Using my Project File Path Generator Node, (renamed Save Latent in screenshot) This allowed you to organise the saving of the latent in the Output folder, I use this node all the time to organise the saving of my outputs. It can be used with the ComfyCore Save Latent node. (nothing fancy here really, just nice for organisation)

I decided to write DJZ-LoadLatent.

It's pretty much the same code as the one in Comfy Core, however i made a few changes;

DJZ Latent Load Node:

Press R to refresh the list
It will scan comfyui outputs
allow loading of the .latent file

Here i have the Decoder stage disabled while i generate .latent files (saved to output folder with my path node)

Here i have the Sampler stage disabled while i use the decoder, with the DJZ-LatentLoad node.

NOTE: sampler params in screenshots are bogus, too few steps and frames to speed up testing. This means your .latent files are kept in the same path structure as your video outputs would normally be.

MushroomFleet commented 3 weeks ago

ok, so the first run took 585 seconds (it's downloading all the models etc), but it's good, if you use network storage all that time is only happening on the first run.

What am I Doing ?? I'm using Runpod only to cook my latents into video

Why ?? Because i can do the part where we sample the .latent to disk on my PC over night (saves time in the runpod), if it takes 10 minutes to save the .latent and only 30 secs to cook .latent into video, this is a HUGE saving and you can't run out of memory with 48GB

https://runpod.io/console/deploy?template=egyeo55x8w&ref=0czffee4 ComfyUI Mochi Runpod template

I'm using it like this:

used local to create samples saved as .latent
starting Runpod template with L40 (48GB)
uploading all my latent files to the /output folder
loading the Donut-Mochi-848x480-t2v-LatentSideload-v25 workflow

first run takes a long time, so don't forget to connect your network storage to escape that wait time on second run

Refresh the Comfyui (press R)
choose the .latent from the list in my new DJZ-LoadLatent node
Queue it up !

this way you can take advantage of the power of the L40 to crush those latents into Video in record time, reducing the cost of the Runpod session by 95%

there will be a oneshot runpod workflow that can do it all in one go soon (for those that can't use local), but this is the cheapest solution if you can run the sampler on your local.

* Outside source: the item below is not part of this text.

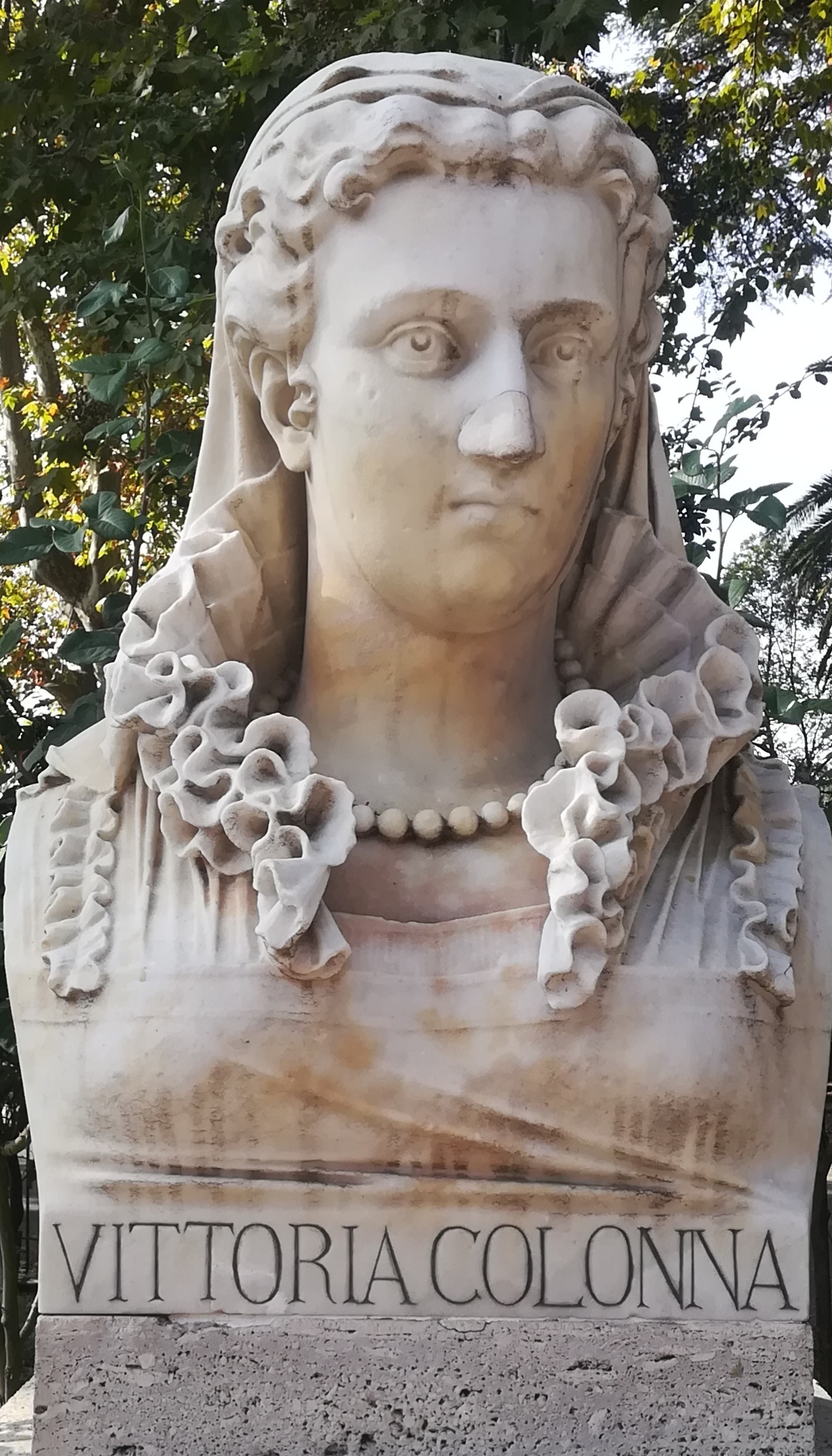 There are only three women considered worthy of a bust at that time: Vittoria Colonna, Santa Caterina da Siena and Grazia Deledda. Source: Wikipedia
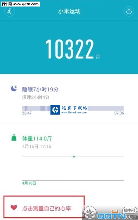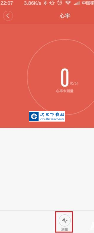 2、接下来,我们就会看到页面中显示了一个测量心率的功能,我们点击该菜单按钮即可进入小米手环心率测量的功能。

https://i.gyazo.com/d8b3f4e54b0b8642f3e430cfa3b2f2d3.mp4 <- decoding process takes 15 seconds.

I created 48 videos overnight, so there will be a large gallery in my next report.

MushroomFleet commented 3 weeks ago

V6 Workflow pack gallery https://civitai.com/posts/8455626 <- 20 videos

No VAE Tiling
decoding .latent files from disk
my latest t2i workflow
Saved latents overnight using RTX4090 (24GB)
Decoded latents on Runpod with L40 (48GB)

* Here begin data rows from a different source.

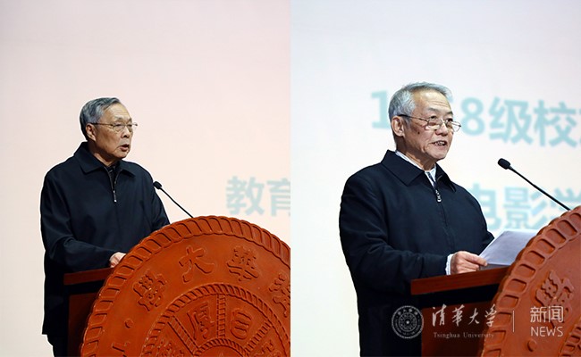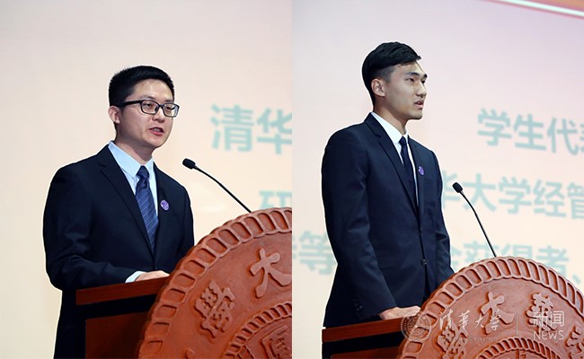 公管学院博士生、校研究生会原副主席杭承政,清华男篮队队员、特等奖学金获得者、经管学院学生王子宁分别代表在校学生发言,畅谈“无体育、不清华”这一新时期口号提出的背景及坚持锻炼给自己带来的改变,并向全校学生发出“积极锻炼身体、传承清华体育精神”的倡议。
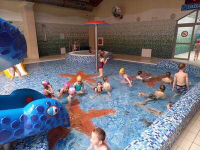 25 kwietnia uczniowie z Molnej udali się na basen Oleska Laguna, gdzie podczas dwugodzinnego pobytu świetnie się bawili, integrowali się międzyklasowo, kształtowali swoją samodzielność oraz odnajdowanie się w nowych sytuacjach. Uczniowie chętnie korzystali ze zjeżdżalni, a w małym basenie odbył się mecz piłki siatkowej. Aktywnie, bezpiecznie i wesoło - przyjemne z pożytecznym.
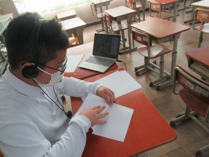 後半は,「よく飛ぶ紙飛行機を作ろう」という課題をもとに,他校の生徒とオンラインで交流しながら,課題の解決に向けて,探究活動を行いました。

Doing it this way saved hours of time from the Runpod costs, thanks to everyone involved !! I've added my results from the last post here. Enjoy !

Still more to test so watch this space

Roundup of the research so far, with some more detailed instructions/info https://www.youtube.com/watch?v=DYbSOJrOAqE

kijai commented 3 weeks ago

I'm not sure if you noticed, but I have added different way of doing the tiled decoding which seems to work better, with 8x8 tiles I can do 163 frames within 24GB without any temporal tiling if I use 8x8 tiles:

The node has the option to do the decoding in chunks (per_batch), but it should be a last resort as it causes the stuttering/frame skipping since the VAE is not meant to be used in chunks.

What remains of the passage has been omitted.